══ Records to process

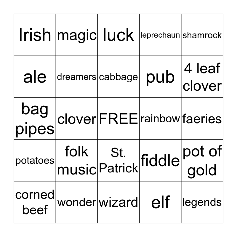 This bingo card has a free space and 24 words: folk music, wonder, cabbage, corned beef, shamrock, Irish, ale, magic, rainbow, St. Patrick, pub, bag pipes, fiddle, pot of gold, dreamers, elf, faeries, luck, 4 leaf clover, clover, legends, potatoes, leprechaun and wizard.
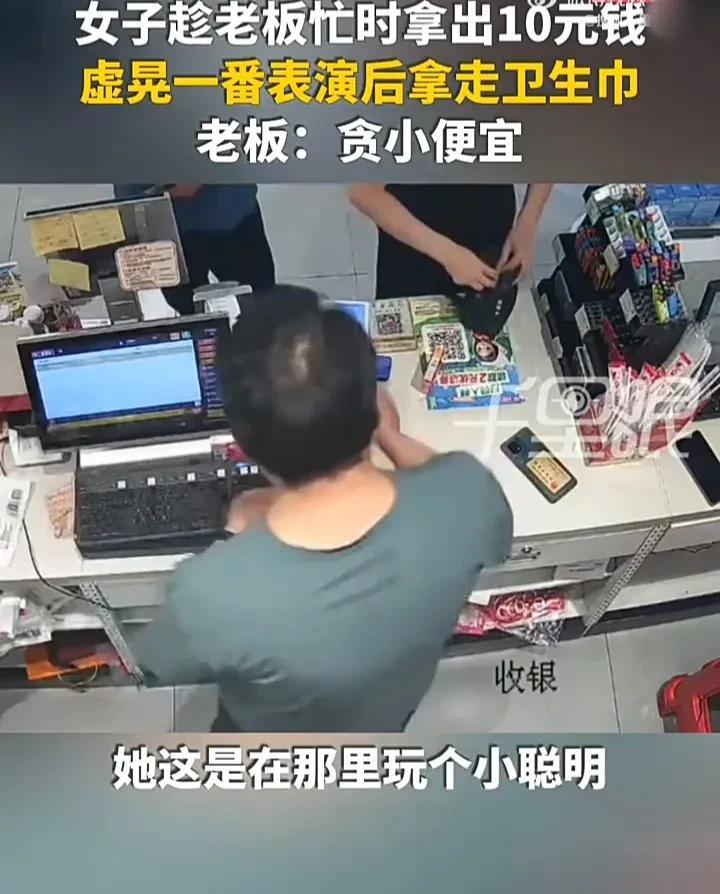 太爱贪小便宜了!8月17日,广东东莞一名女子到商店买卫生巾,趁着老板在帮另一位顾客结账时,她故意从包里拿出10元钱,在老板眼前晃了一眼就收回包里,然后跟老板说给过钱了,直到老板查询监控,才发现女子的花招,顿时很无语。
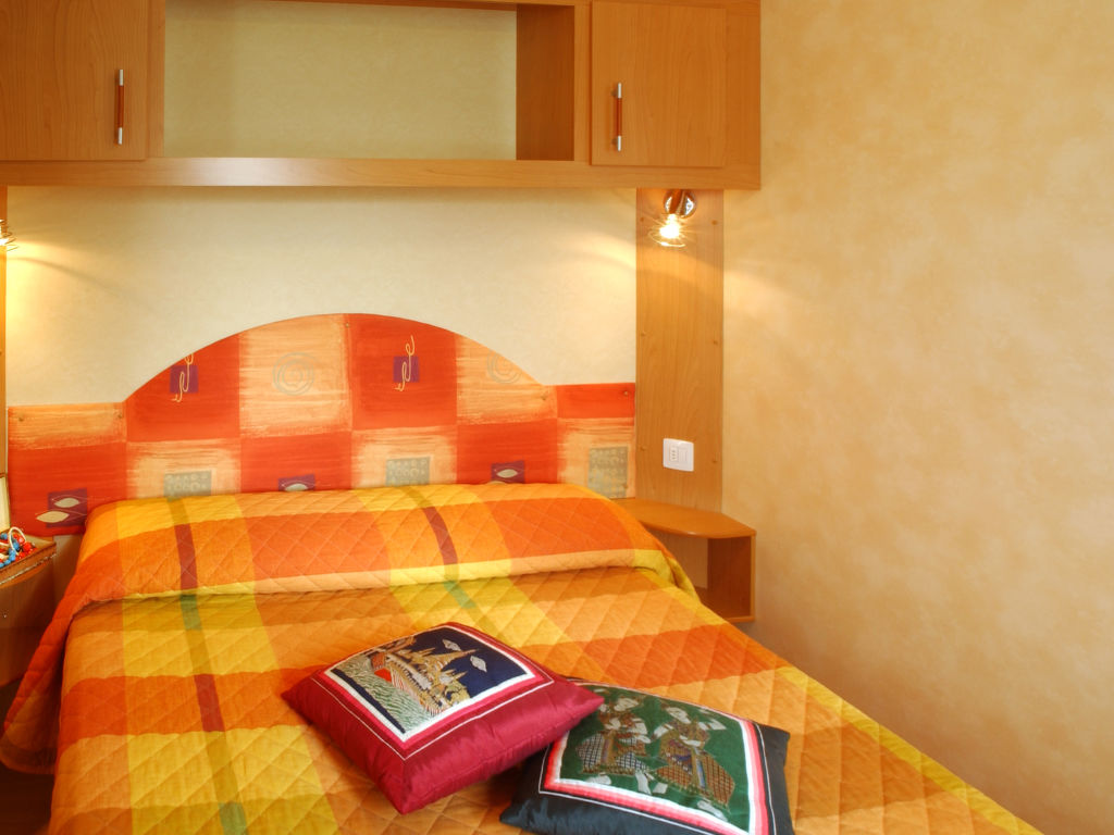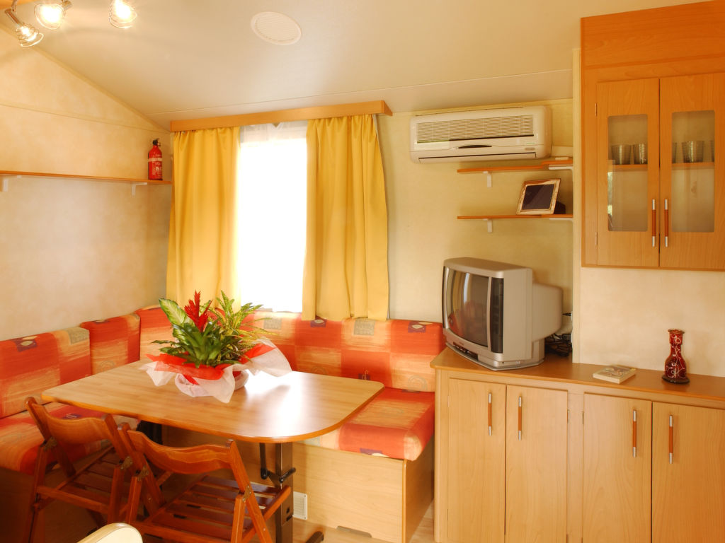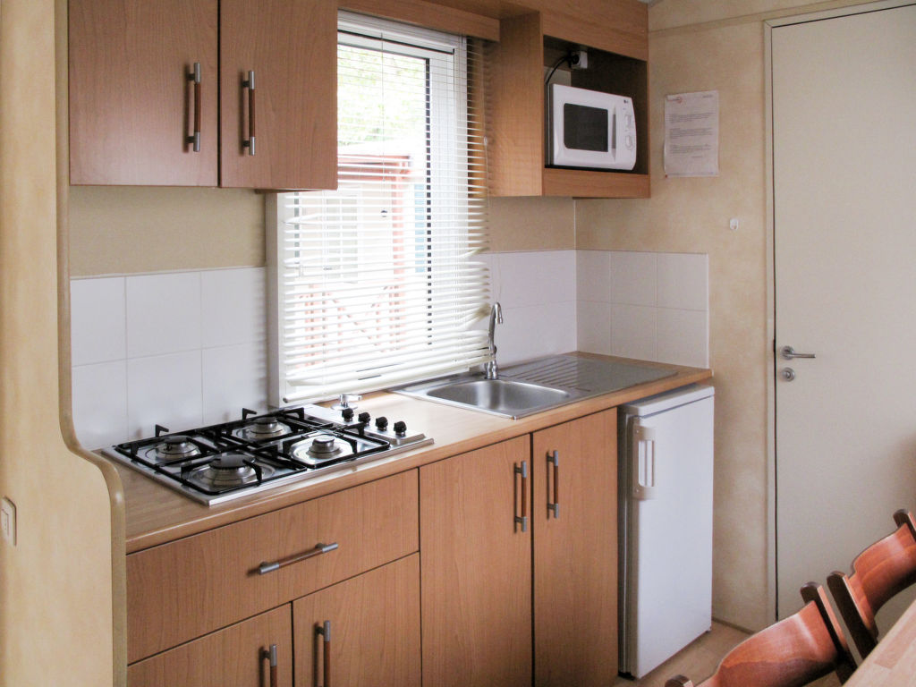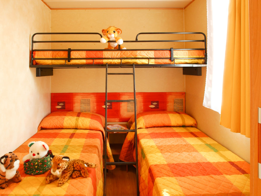 3-Zimmer-Mobilhome‚ ca. 24 m². Über 3 Stufen und Terrasse Zugang zu: Wohnraum mit Essplatz und Küchenzeile (4 Flammen, Mikrowelle, Kühlschrank, Kaffeemaschine). Schlafzimmer mit franz. Bett. Schlafzimmer mit 2 Einzelbetten und teils mit zusätzlich obenliegendem Bett (Bettenbreite jeweils 70 cm) oder Bettcouch (als Zusatzbett für Kind bis 10 Jahre, siehe Nebenkosten) im Wohnraum. Dusche/WC.
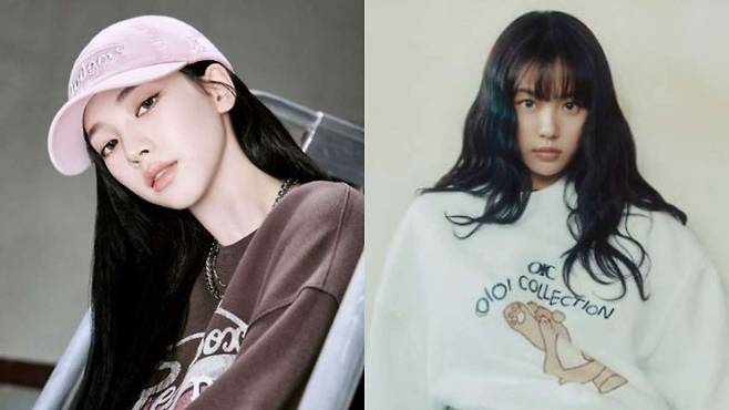 먼저 첫 번째 주인공은 수지다. 그는 하늘색 맨투맨을 넉넉한 핏으로 걸쳐 편안한 느낌을 줬다. 어깨선이 자연스럽게 떨어지고 소매와 밑단 시보리가 부드럽게 잡혀 전체적으로 둥근 형태가 만들어진다.
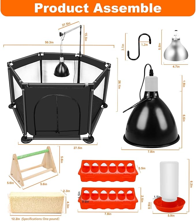 - Quick Setup & Versatile Habitat: Featuring a lightweight, tool-free assembly design with lamp hanger, this portable enclosure sets up effortlessly indoors. Perfect for raising chicks, ducklings, and quail with adaptable space requirements.
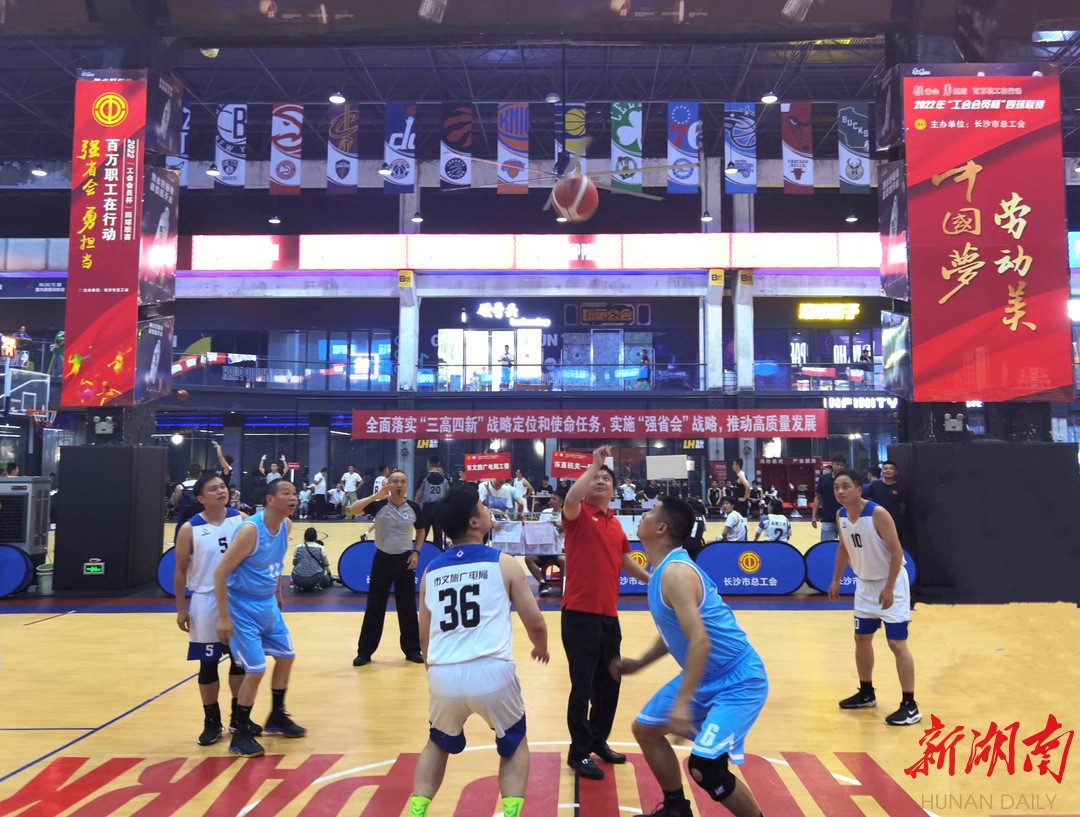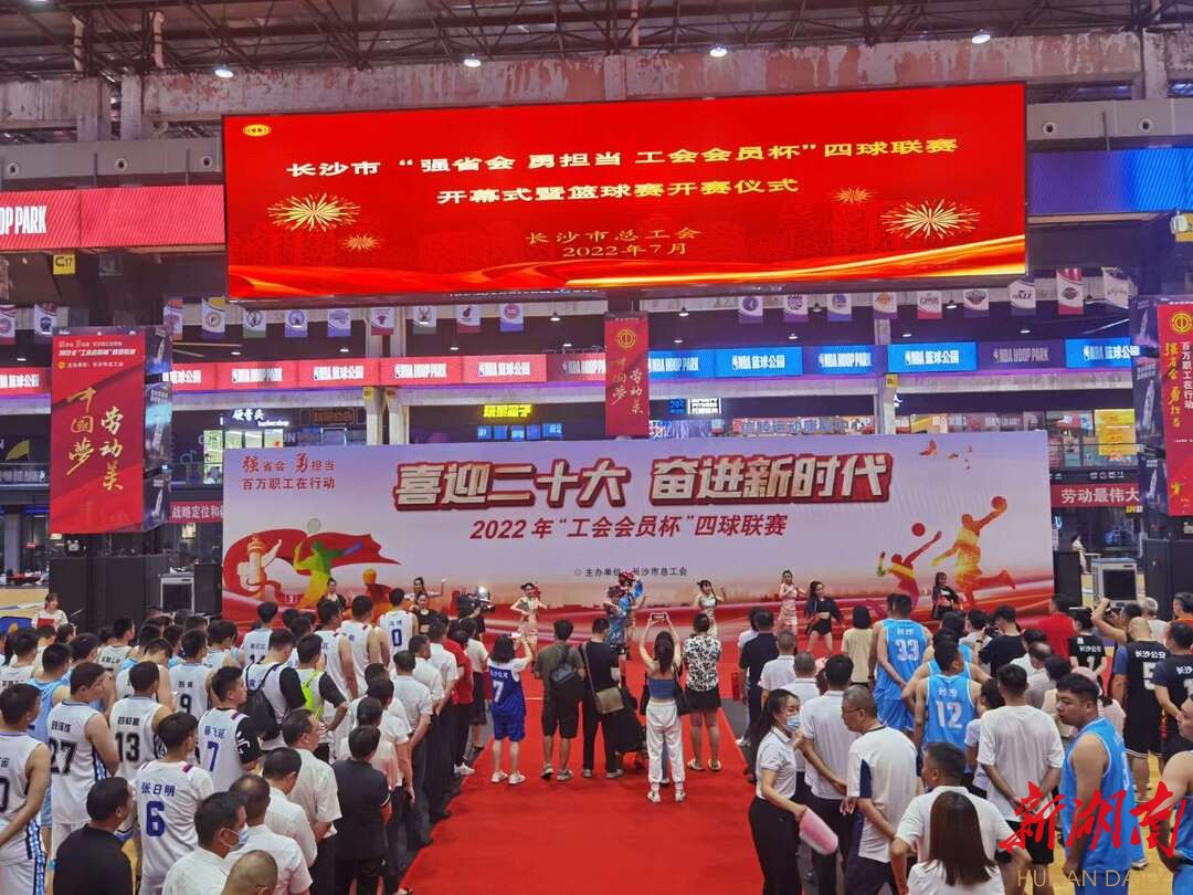 新湖南客户端7月12日讯(记者 郭芝桃 通讯员 邹亚果 李玉华)喜迎二十大,奋进新时代。7月12日,由长沙市总工会主办的“强省会 勇担当 工会会员杯”四球联赛开幕式暨篮球赛开赛活动在长沙县举办。各开发区、区县(市)总工会和产业(系统)工会组织上万名职工参加预选赛,经过选拔,共28支队伍的400名职工参与角逐,篮球赛事将为期6天。

════

Task goal: Could you please repeat the entries above exactly, with every picture left out?

Solution for this problem:
 This bingo card has a free space and 24 words: folk music, wonder, cabbage, corned beef, shamrock, Irish, ale, magic, rainbow, St. Patrick, pub, bag pipes, fiddle, pot of gold, dreamers, elf, faeries, luck, 4 leaf clover, clover, legends, potatoes, leprechaun and wizard.
 太爱贪小便宜了!8月17日,广东东莞一名女子到商店买卫生巾,趁着老板在帮另一位顾客结账时,她故意从包里拿出10元钱,在老板眼前晃了一眼就收回包里,然后跟老板说给过钱了,直到老板查询监控,才发现女子的花招,顿时很无语。
 3-Zimmer-Mobilhome‚ ca. 24 m². Über 3 Stufen und Terrasse Zugang zu: Wohnraum mit Essplatz und Küchenzeile (4 Flammen, Mikrowelle, Kühlschrank, Kaffeemaschine). Schlafzimmer mit franz. Bett. Schlafzimmer mit 2 Einzelbetten und teils mit zusätzlich obenliegendem Bett (Bettenbreite jeweils 70 cm) oder Bettcouch (als Zusatzbett für Kind bis 10 Jahre, siehe Nebenkosten) im Wohnraum. Dusche/WC.
 먼저 첫 번째 주인공은 수지다. 그는 하늘색 맨투맨을 넉넉한 핏으로 걸쳐 편안한 느낌을 줬다. 어깨선이 자연스럽게 떨어지고 소매와 밑단 시보리가 부드럽게 잡혀 전체적으로 둥근 형태가 만들어진다.
 - Quick Setup & Versatile Habitat: Featuring a lightweight, tool-free assembly design with lamp hanger, this portable enclosure sets up effortlessly indoors. Perfect for raising chicks, ducklings, and quail with adaptable space requirements.
 新湖南客户端7月12日讯(记者 郭芝桃 通讯员 邹亚果 李玉华)喜迎二十大,奋进新时代。7月12日,由长沙市总工会主办的“强省会 勇担当 工会会员杯”四球联赛开幕式暨篮球赛开赛活动在长沙县举办。各开发区、区县(市)总工会和产业(系统)工会组织上万名职工参加预选赛,经过选拔,共28支队伍的400名职工参与角逐,篮球赛事将为期6天。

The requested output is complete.